As ZIRP sent bond yields south, investors piled into dividend-paying stocks as a way to generate returns. A direct consequence of this is that dividend yields on S&P 500 stocks have fallen to 1.91% and are now 32% below their long-term average.

Along with falling yields, investors who want to buy income-producing stocks these days are facing rich valuations.

The data reveals that the average price-to-earnings ratio of the S&P 500 Dividend Aristocrats ETF (NOBL) is 21.1—higher than that of the broader S&P 500 index. An ETF tracking that index, SPDR S&P 500 ETF (SPY), has an average P/E ratio of 18.7.

That number is high, which reinforces the point that dividend-paying stocks have reached unsustainable valuation marks.

As such, dividend stocks are richly valued and a poor alternative to bonds today, especially as they are reliant on economic growth.

  • Economic Growth is Weak

Source: St. Louis Fed

Between 1967 and 2007, the US economy grew at an average nominal rate of 7.3% per annum. However, in the last nine years, GDP growth has averaged just 2.8%.

President Trump said he can get the economy growing again. But, the nation faces a huge debt burden

And it looks like he will have to face the fact that US economic growth is losing its momentum. Q-2 GDP growth projections were lowered by Wall Street analysts and the Fed forecasting arms too, Atlanta Fed lowered to 2.9% Monday, off from 3.4% on Friday, off from 3.5% last Monday.

Morgan Stanley revised its Q-2 Y 2017 GDP forecast to 2.5%.

Whether President Trump can reverse this trend is yet to be seen, it is an uphill battle.

  • 5: The Federal Debt Has Exploded

Source: St. Louis Fed

From George (1), to George (43), the federal debt went from $0 to $9.2-T.

Since Y 2008, US government debt has risen to $19.85-T, that friends is a 116% increase in just 8 years.

 The non-partisan Congressional Budget Office (CBO) projects $10-T will be added to the federal debt over the next decade and estimates the cost of servicing the debt will 3X over the next 10 years. That would bring interest payments alone to over $600-B per annum.

That is more than the total Y 2016 outlays for the Department of Defense and Education combined.

  • 6: The USD has lost 87% of its value aka purchasing power.

Source: St. Louis Fed

The USD may be rising Vs other fiat (paper) currencies like the EUR and JPY, but its purchasing power has fallen 86.5% in 50 years, I remember in the 1960’s when my 1st RR and Ferrari cars were $12 and $10-K respectively, our home was $55-K, today those cars are $420 and $310-K and the same house recently sold for $3-M

The USD’s decline has slowed some in the last 10 years. But, with the Fed doing its best to create inflation, you can be sure it will continue.

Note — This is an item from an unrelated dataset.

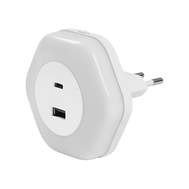 Praktické LED nocne svetlo do zásuvky LUNETTA HEXAGON s nabíjacími portmi Napájacie napätie: 30 V sieťové napätie. Integrovaný senzor denného/nočného svetla. Výhody produktu: Plug-and-Play vďaka EU zástrčke. Energeticky úsporné vďaka LED technológii. Charakteristický elegantný dizajn. Oblasti použitia: Spálňa. Detská izba. Chodby, schodiská. Nočné svetlo. Iba pre vnútorné osvetlenie.

Hang on, there is something that may not continue for much longer

  • 7: We Are Overdue For A Bear Market

Source: S&P Global

In on 9 March, the Bull market in common stocks celebrated its 8th birthday, making it the 2nd longest of its kind in US history. With the current Bull run having exceeded the average length by 3+ years, remember you never get poor taking a profit, so it may be time to take money off the table.

The Big Q: How can savers and investors protect their wealth from any negative consequences that could arise from these unhealthy trends?

The Big A: With the meager returns offered by bonds, this overextended Bull market, and this weak economic outlook, adding Gold to in investment portfolio is prudent.

Gold bullion has proven to be a store of value and a reliable wealth preservation tool for centuries, unlike USD. In the event of a stock selloff, it serves as  insurance.  as the money rotates to hard assets like Gold and Silver

Even if markets continue to rise in the interim, Gold looks  do well. Since late Y 2015, the precious Yellow metal has outperformed the S&P 500 by 30%.

The experts say place 5%–10% of portfolio assets in Gold bullion to protect wealth in a crisis, this pattern is setting up for such a Key reversal, so guarding against the pain is prudent.